The authors have demonstrated different types of PE behave differently, and there is variation by gender and country of origin. Quite how these experiences fit in with psychotic illness itself is unclear at present, and work with ultra-high risk for psychosis groups suggest most people don’t actually go on to develop psychotic illness over time (Nelson et al, 2013).
Crucially, this adds to the debate over what should be done about such experiences, and future work looking at how having these experiences influence health/functioning/quality of life outcomes will be of interest. As a psychiatrist, I am cautious about overmedicalising experiences, and hope any calls for treating PEs in otherwise healthy, functioning people will be met with sensible scepticism, while we gather better evidence.
McGrath JJ, Saha S, Al-Hamzawi A, et al. Psychotic Experiences in the General Population: A Cross-National Analysis Based on 31 261 Respondents From 18 Countries. JAMA Psychiatry. Published online May 27, 2015. doi:10.1001/jamapsychiatry.2015.0575. [PubMed abstract]
Linscott RJ, van Os J. An updated and conservative systematic review and meta-analysis of epidemiological evidence on psychotic experiences in children and adults: on the pathway from proneness to persistence to dimensional expression across mental disorders.

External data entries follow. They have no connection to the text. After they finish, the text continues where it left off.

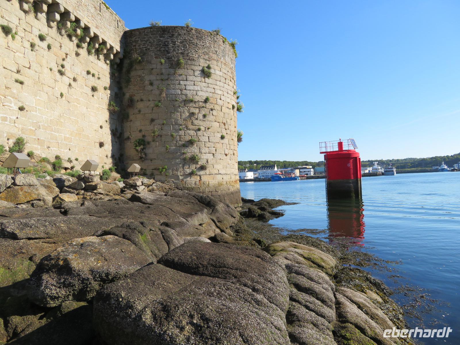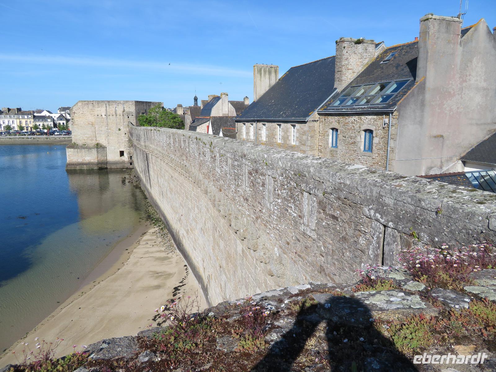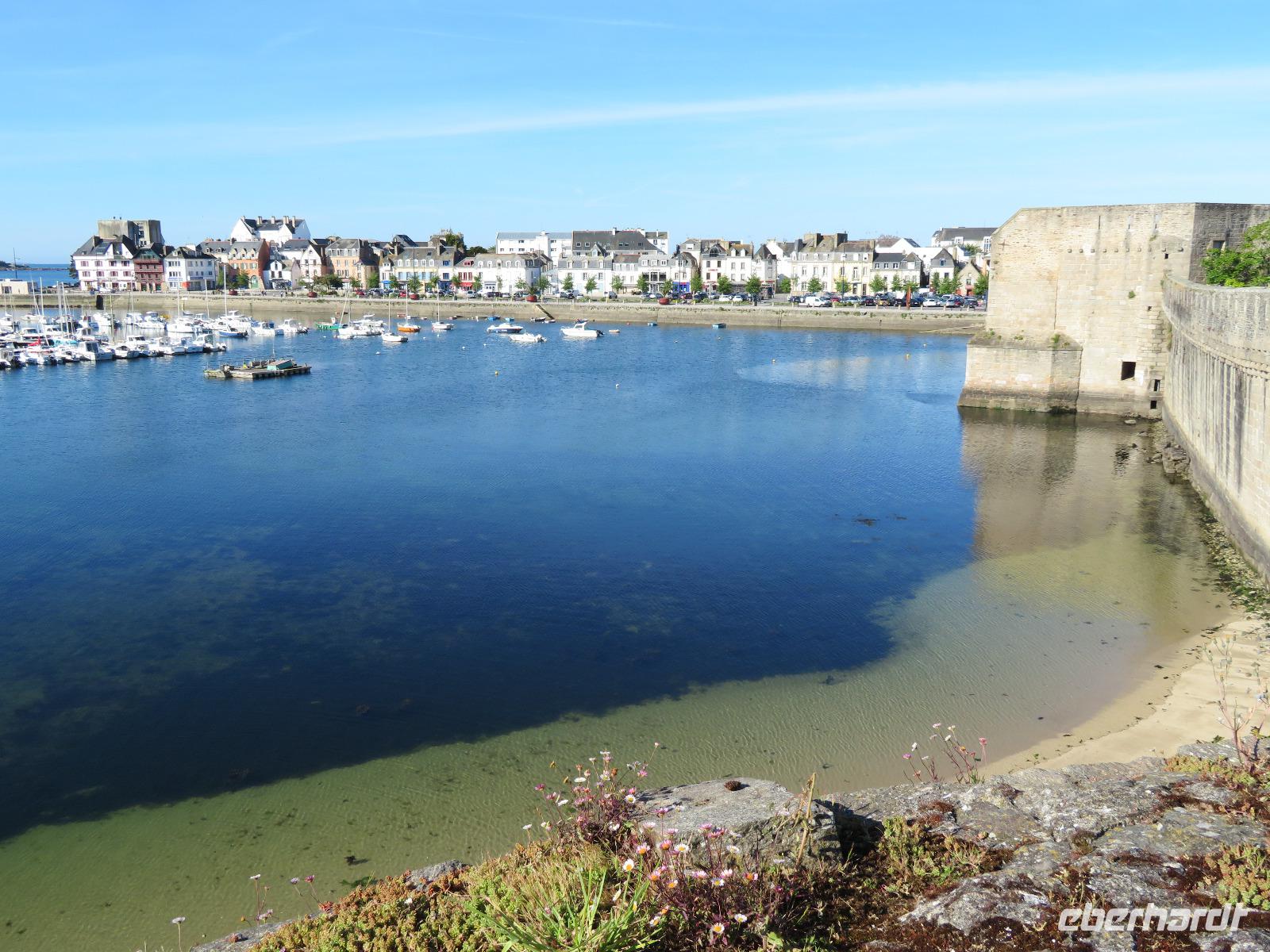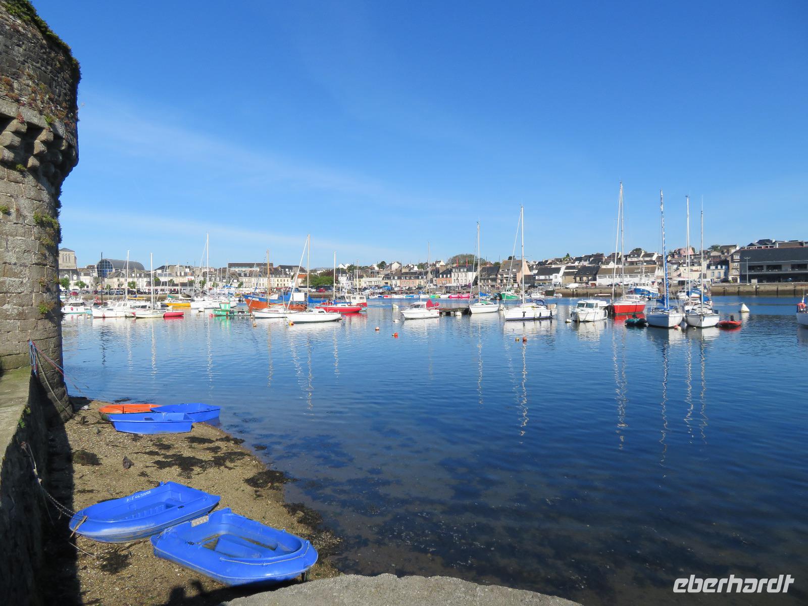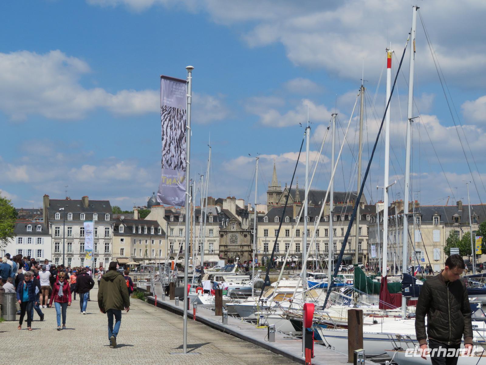 Am frühen Vormittag erreichten wir den Fischerort Concarneau mit seiner einst geschlossenen Stadt, einer Altstadt im Festungsring auf einer Halbinsel im Meer. Ohne Touristen und noch mit geschlossenen Geschäften hat der Ort durchaus seinen Reiz, weil man die ursprüngliche Bausubstanz viel besser erkennen kann als im Gewimmel von Touristen und Auslagen. Auf üblichem Weg durch die Altstadt erreichten wir das Weintor. Der übliche Aufstieg auf die östliche Festungsmauer Festungsmauer war uns jedoch verwehrt, weil Bogenschießwettbewerbe im historischen Ensemble stattfanden. Bei lockerer Bewölkung fuhren wir weiter an die Südküste der Bretagne Richtung Carnac. Die Ortsbezeichnung gründet sich auf dem englischen Wort carns für Steine. Vor mehr als fünftausend Jahren stellten hier die Menschen teils behauene Findlinge auf und richteten sie in parallelen Reihen aus. So sind heut noch sechs der sogenannte Menhirfelder nördlich von Carnac mit je ca. 950 - 1150 Steinen zu besichtigen. Im bereits vor Carnac liegenden Feld bei Erdeven kann man sogar zwischen den Steinen gehen und entdeckt Dolmen von fünf bis sieben Metern Höhe, umgeben von Eichenbäumen mit Vogelgezwitscher. Am zeitigen Nachmittag erreichten wir Vannes und starteten zum Stadtrundgang mit Regula. Regula war an diesem Tag ganz außer Sicht, weil die örtliche Rugby-Mannschaft um den Aufstieg in die 1. Liga spielte; so kämpften wir in der ersten halben Stunde etwas mit Menschenauflauf und Openair-Übertragung. Vom alten Hafen zog es uns durch das Hafentor, in den doppelwandigen Stadtmauerring - heute eine blühende Gartenanlage nach französischer Gartenarchitektur - an der Waschstelle vorbei und dann hinauf über den Platz der Ritterturniere zur Kathedrale. Nach sechzehn Uhr war Zeit für individuelles Bummeln - leider war die Stadt am Sonntagnachmittag doch recht verweist und das gastronomische Angebot in der Stadt wohl unter dem von Weiswasser.
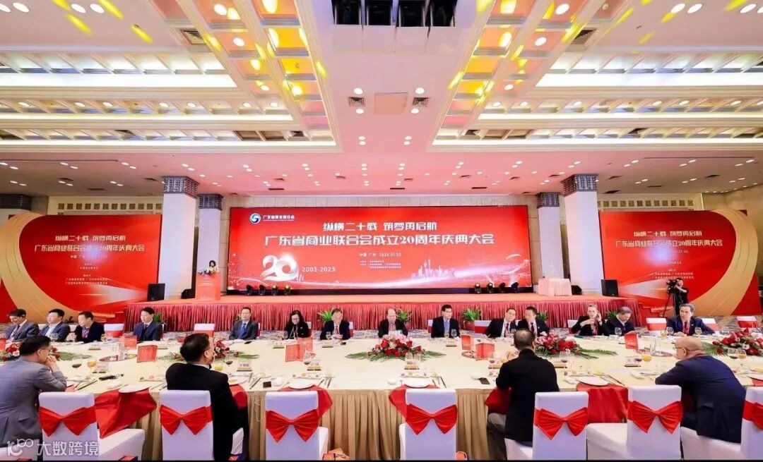广东省贸促会二级巡视员、广东国际商会执行秘书长王宏建先生,广州市贸促会党组成员、副主任张彦,香港特别行政区政府驻粤经济贸易办事处高级协调主任翁志强、黄伟强,澳门贸易投资促进局广州代表处主任钟秀立等领导,以及各兄弟省、市驻穗办事处,有关联盟城市,省各地市商务部门,广东企业界精英,商协会,外国驻穗总领事馆官员和各国商会朋友,共同出席广东省商业联合会成立20周年庆典大会,欢聚一堂。
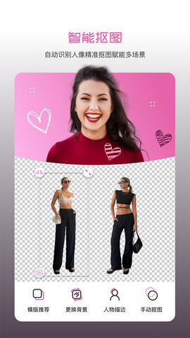 懒人修图了当下流行的穿搭模板,用户借助它可以让自己的穿搭变得更有创意。通过简单的操作步骤,就能让穿搭风格独树一帜,凸显个人特色。这款修图工具不仅功能丰富,而且操作门槛低,即使没有专业设计基础,用户也能轻松完成修图。它运用智能抠物技术,可自动识别图像中的物品,实现抠图与背景替换的全自动化流程。用户只需点击一次,就能快速抠出目标物品并更换背景,使用起来十分方便。
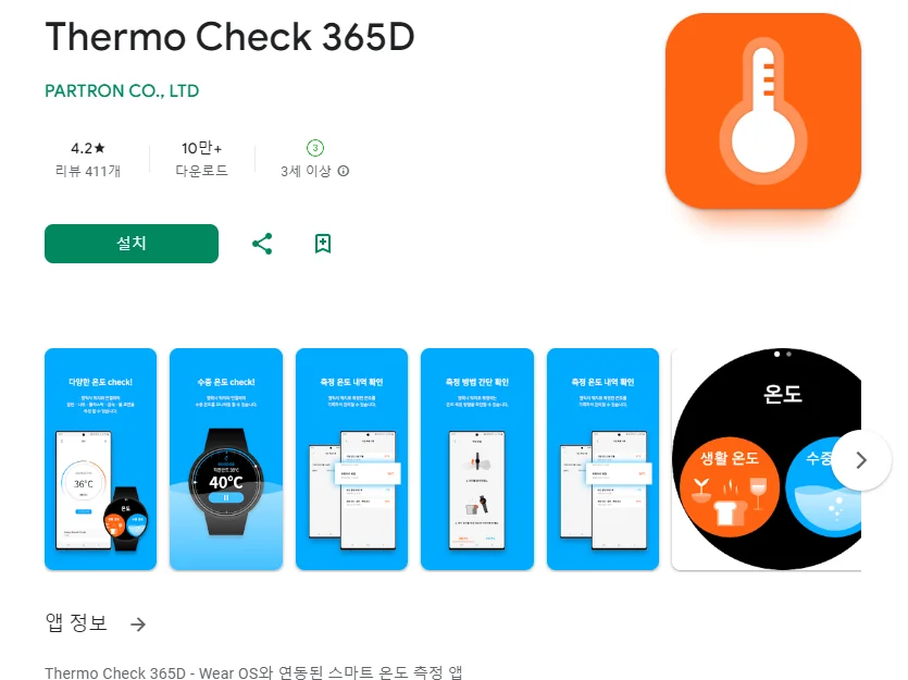 이 어플은 구글플레이스토어에서 "온도 측정"로 검색했을때 4번째로 나오는 어플입니다. 아래는 Thermo Check 365D 어플에 대한 자세한 설명이니 참고하세요.

Psychological Medicine. 2013;43(6):1133-49. Epub 2012/08/02.
Nuevo R, Chatterji S, Verdes E, Naidoo N, Arango C, Ayuso-Mateos JL. The continuum of psychotic symptoms in the general population: a cross-national study. Schizophrenia Bulletin. 2012;38(3):475-85. Epub 2010/09/16.
Nelson B, Yuen HP, Wood SJ, Lin A, Spiliotacopoulos D, Bruxner A, et al. Long-term follow-up of a group at ultra high risk (“prodromal”) for psychosis: the PACE 400 study. JAMA Psychiatry. 2013;70(8):793-802. Epub 2013/06/07.